**About this task**. Leave the pictures out and reproduce, exactly, the lines from the one with "当店は 脂を「くどく」したくないので 早めに冷凍保管します。" through the end of the entries below.

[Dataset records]

---

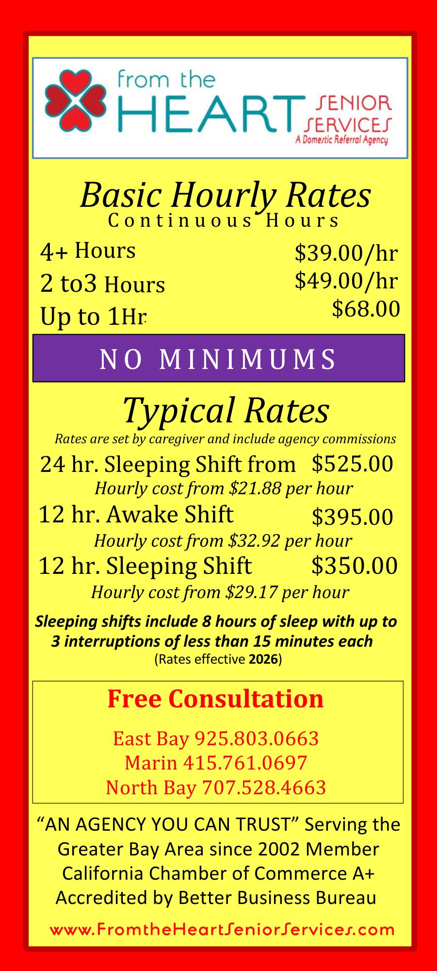 - Rates reflect total cost paid to caregiver which includes agency commission.
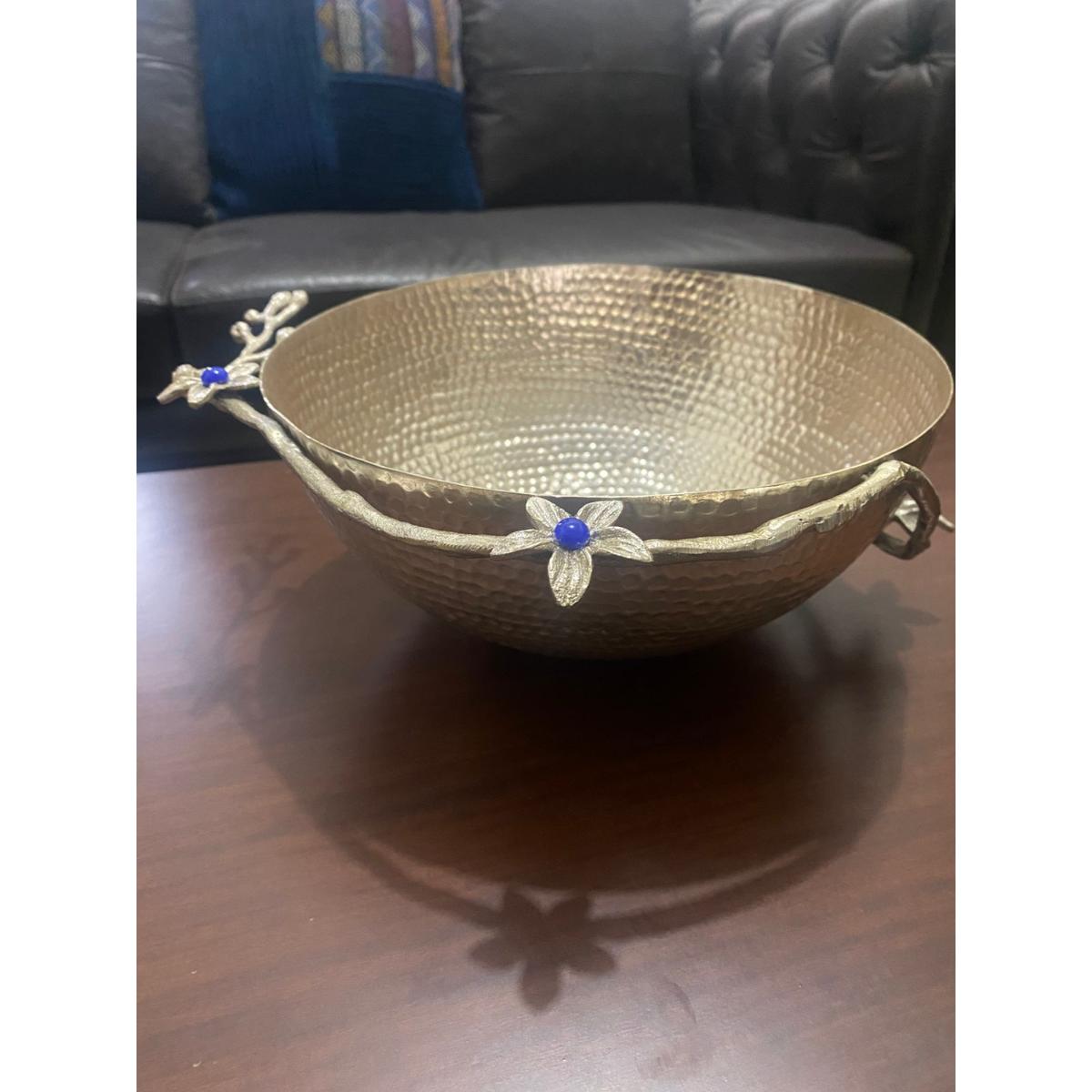 Handcrafted bowl from designer brand Taneez, featuring a hammered metal finish with intricate floral handles embellished with blue stone details. A perfect statement piece for dining tables, coffee tables, or as a centerpiece.
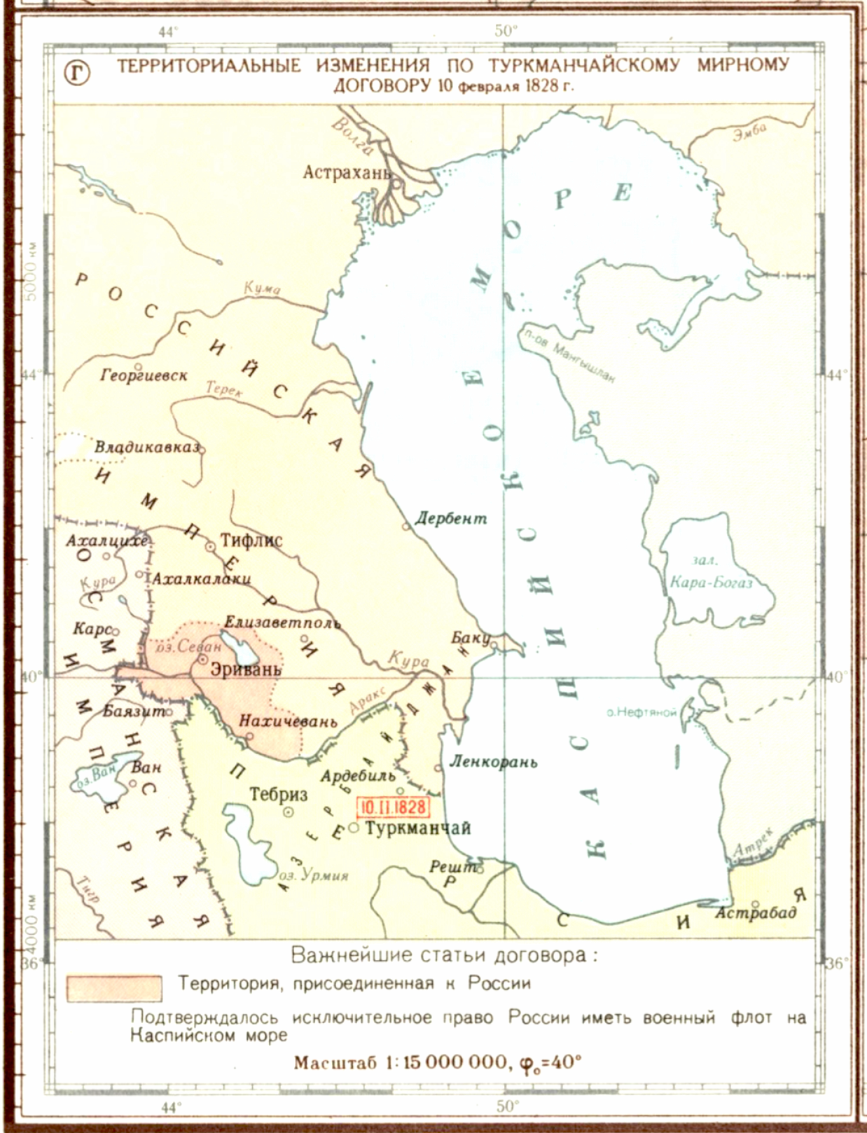 Русско-персидская война 1826-1828 гг. (Г) Территориальные изменения по Туркманчайскому мирному договору 10 февраля 1828 г.
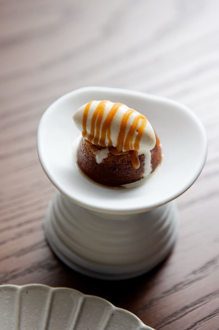 Ending the savory portion of the meal was the Cerdo en Orza con Berza Gaditana. Based on winter cooking traditions that required simple yet hearty meals, where pork was once preserved in large clay pots called orza and slow-cooked in its own fat, the dish pairs chunks of this meat with the Cadiz version of cocido: a warm broth of chickpeas and vegetables. The dish is finished off with small, pork-filled dumplings that do a great job of soaking up all the soup, lending a burst of flavor with every bite.
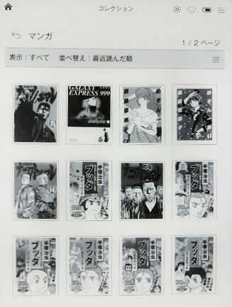 リスト表示だと、6冊ずつですが、表紙表示だと12冊まで1つのページで表示することができます。
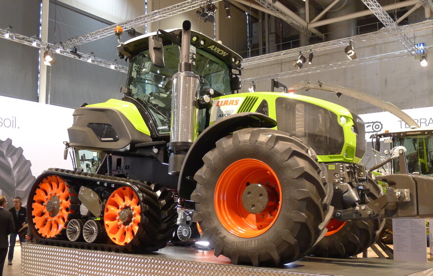 Mit dem Axion 900 Terra Trac stellt Claas den ersten voll gefederten Halbraupentraktor vor. Die DLG zeichnete das Konzept auf der Agritechnica 2017 mit einer Silbermedaille aus. Das Laufwerk basiert auf der vom Mähdrescher bekannten Technologie. Das im Vergleich zu Feldhäcksler und Mähdrescher größere Triebrad ermöglicht die Übertragung höherer Drehmomente. Auch bei schwerer Bodenbearbeitung und langsamer Fahrgeschwindigkeit bringt das Laufwerk die Antriebsleistung mit minimalem Schlupf auf den Boden. Das Terra Trac des noch im Vorserien-Status befindlichen Axion kombiniert die Vorteile eines Raupentraktors bei Traktion und Bodenschonung mit dem Fahrkomfort eines Standardtraktors. Dank der separaten Federung von Triebrad, Laufrad und Stützrollen passt sich das Laufwerk immer optimal an den Boden an. Der Axion 900 Terra Trac ist bei großer Aufstandsfläche deutlich schmaler, als eine breit- oder zwillingsbereifte Maschine. Die Federung bietet höchsten Fahrkomfort bis 40 km/h, heißt es bei Claas.
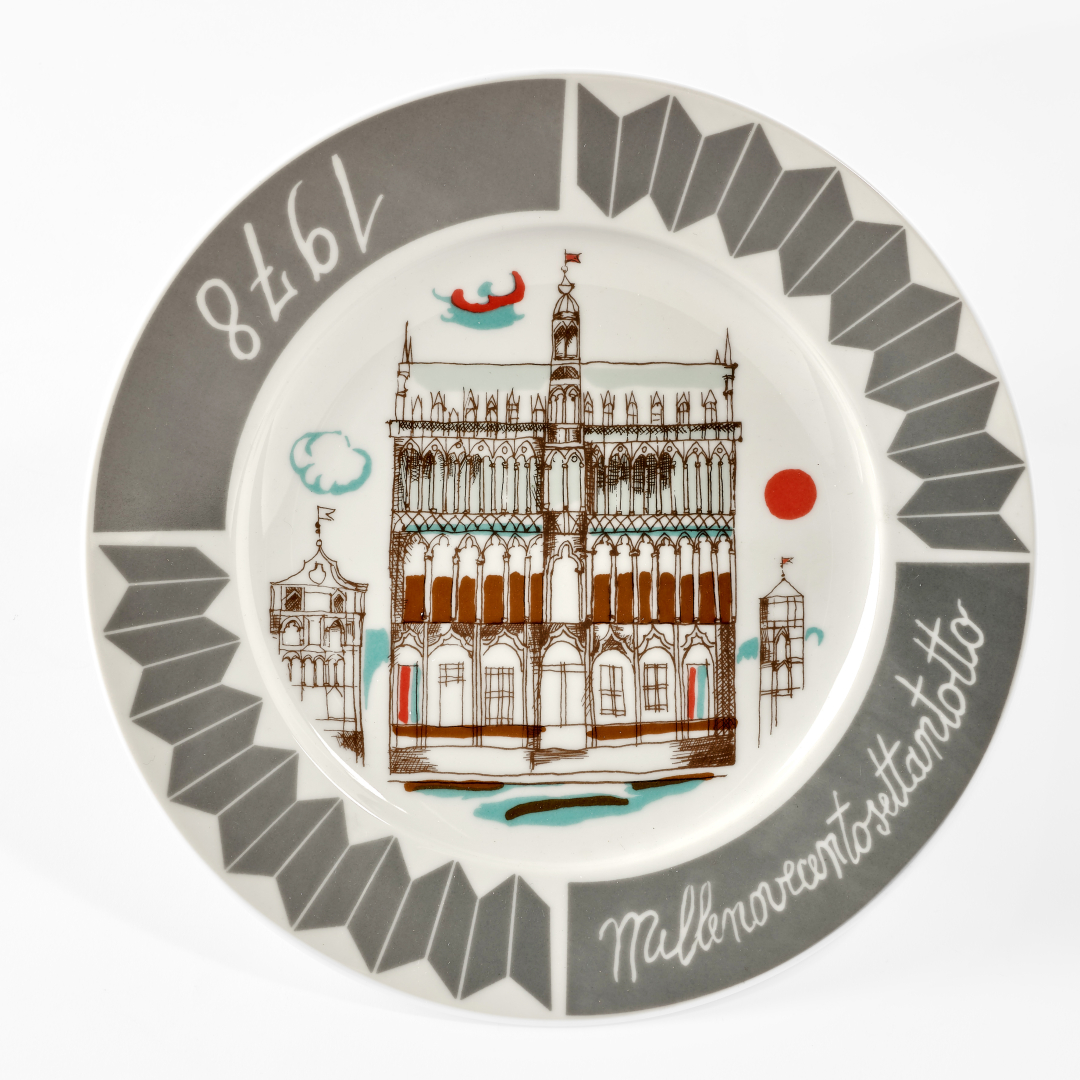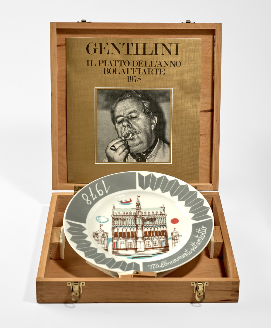 Franco Gentilini, Piatto dell'anno, 1978, ceramica serigrafata, ed. 11/500, 25,00 x 25,00 cm, datato al recto, firmato al verso.
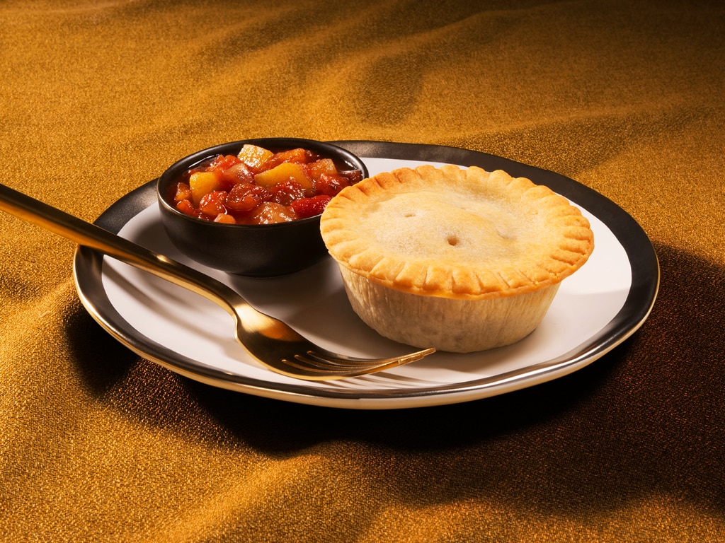 Our generous mini meat pie, served wtih fruit ketchup. Complete your meal with this holiday classic! Suggested serving. For a limited time.
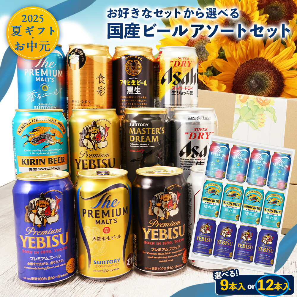 お中元にオススメ 国産 プレミアムビールギフト アソートセット 340ml/350ml 選べる8種類 9本 12本 贈り物 詰め合わせ ギフトセット 飲み比べセット プレゼント アサヒビール キリンビール サントリービール サッポロビール [送料無料]
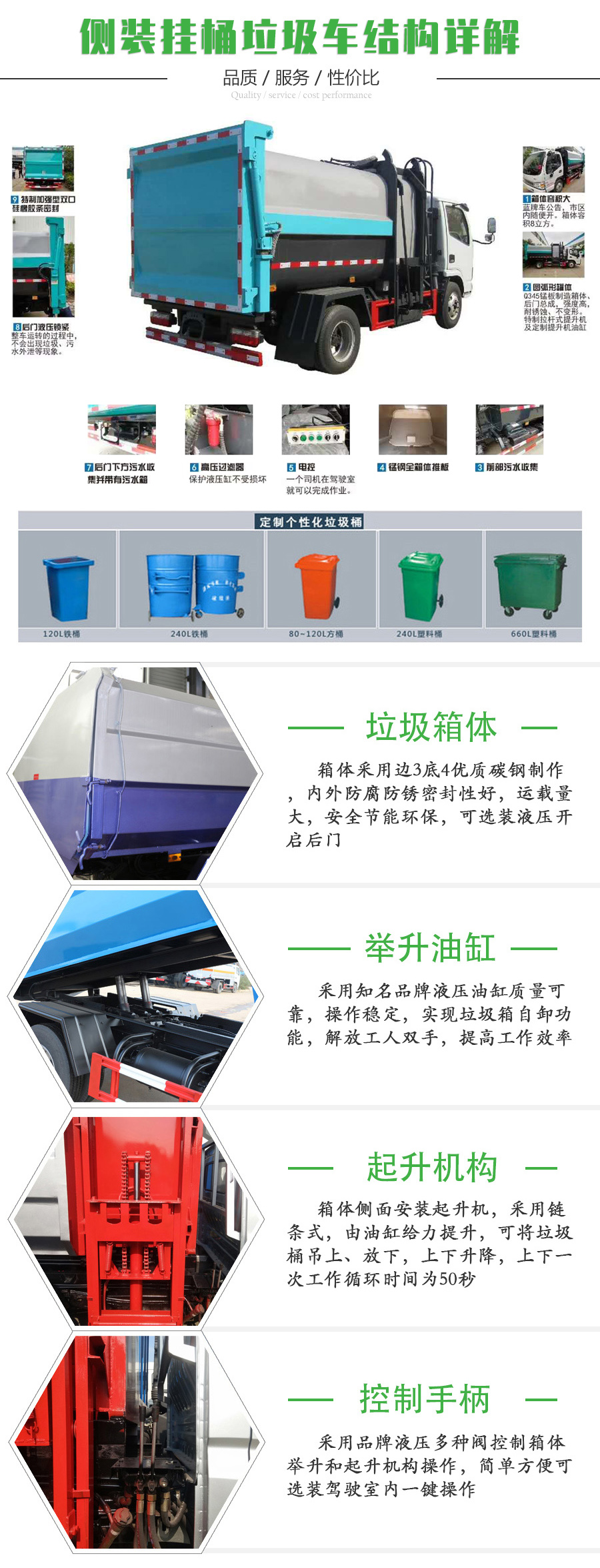 自动举升垃圾桶倒入垃圾,提升机顶部带机械翻盖,箱体底部双液压举升自卸,液压系统控制提升机上升+下降+自卸作业,箱体后部设有挡水槽,尾部装有橡胶密封条,防污水滴漏。适用于城乡街道垃圾桶、生活区垃圾桶、工业园区垃圾桶的垃圾收集转运。
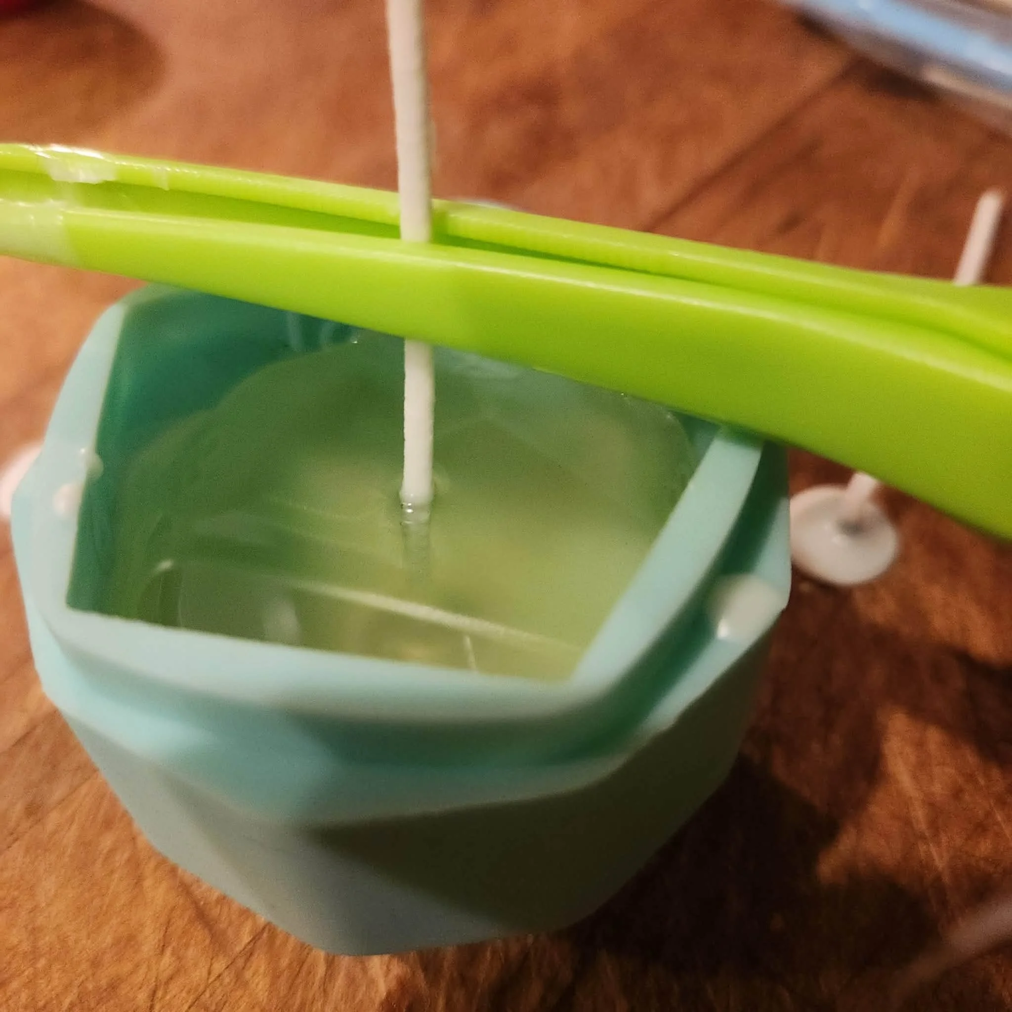 The wax melts fast and cools fast. If it cools against your pot before you’re finished pouring, remelt.
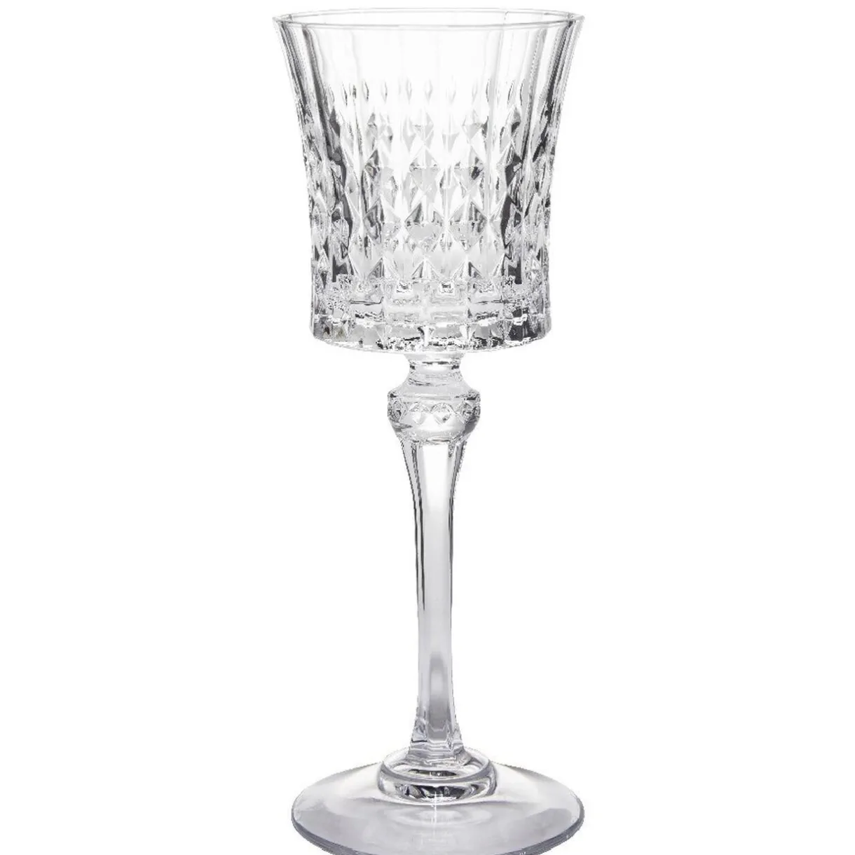 Lot de 6 verres à pied Lady Diamond d’une contenance de 19 cl. Idéal pour déguster votre vin préféré et apporter une touche chic à votre table grâce à son aspect diamanté transparent.
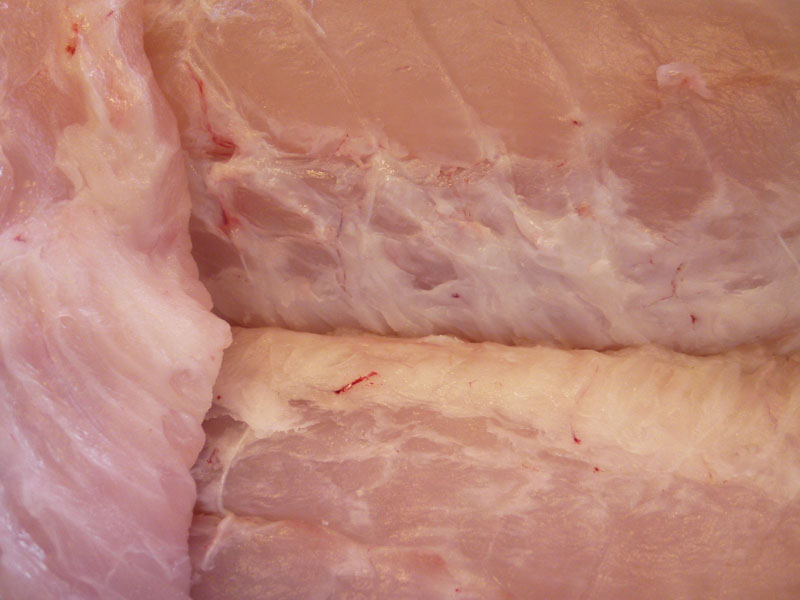 【背脂・腹脂も】皮近くにも脂があり 全体に脂分があります。長く置くと さらに脂が回りますが 当店は 脂を「くどく」したくないので 早めに冷凍保管します。
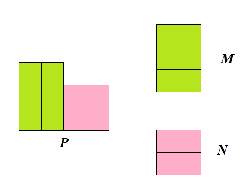 Ví dụ: Hình `P` gồm `10` ô vuông như nhau được tách thành hình `M` gồm `6` ô vuông và hình `N` gồm `4` ô vuông.
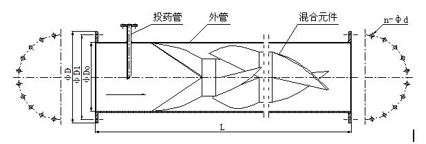 如圖所示,管式混合器由投藥管、混合元件和外管組成。投藥管置于混合器上游,原水加藥劑后,經過各混合元件時產生
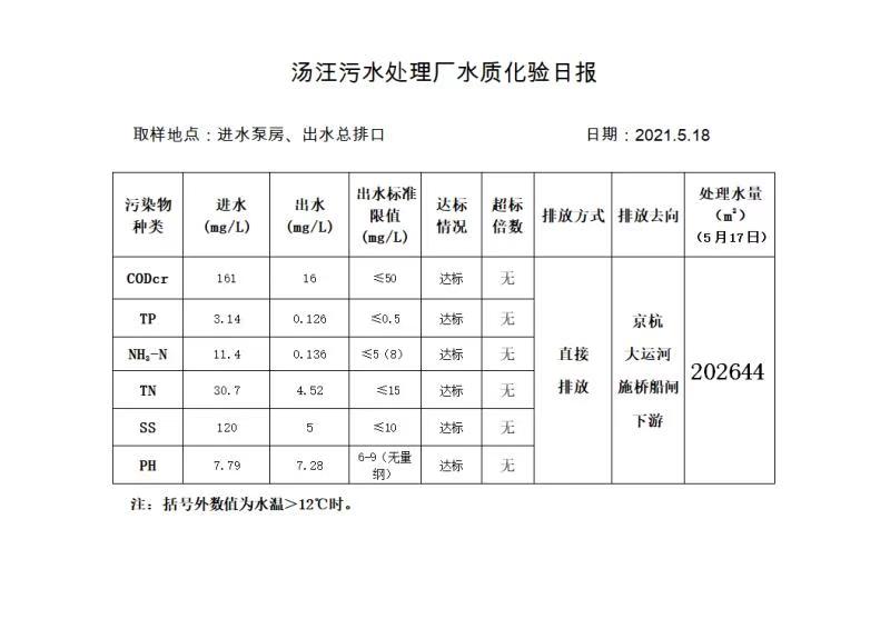 汤汪污水处理厂水质化验日报(2021.5.18)

---

**Result for this task**.
 【背脂・腹脂も】皮近くにも脂があり 全体に脂分があります。長く置くと さらに脂が回りますが 当店は 脂を「くどく」したくないので 早めに冷凍保管します。
 Ví dụ: Hình `P` gồm `10` ô vuông như nhau được tách thành hình `M` gồm `6` ô vuông và hình `N` gồm `4` ô vuông.
 如圖所示,管式混合器由投藥管、混合元件和外管組成。投藥管置于混合器上游,原水加藥劑后,經過各混合元件時產生
 汤汪污水处理厂水质化验日报(2021.5.18)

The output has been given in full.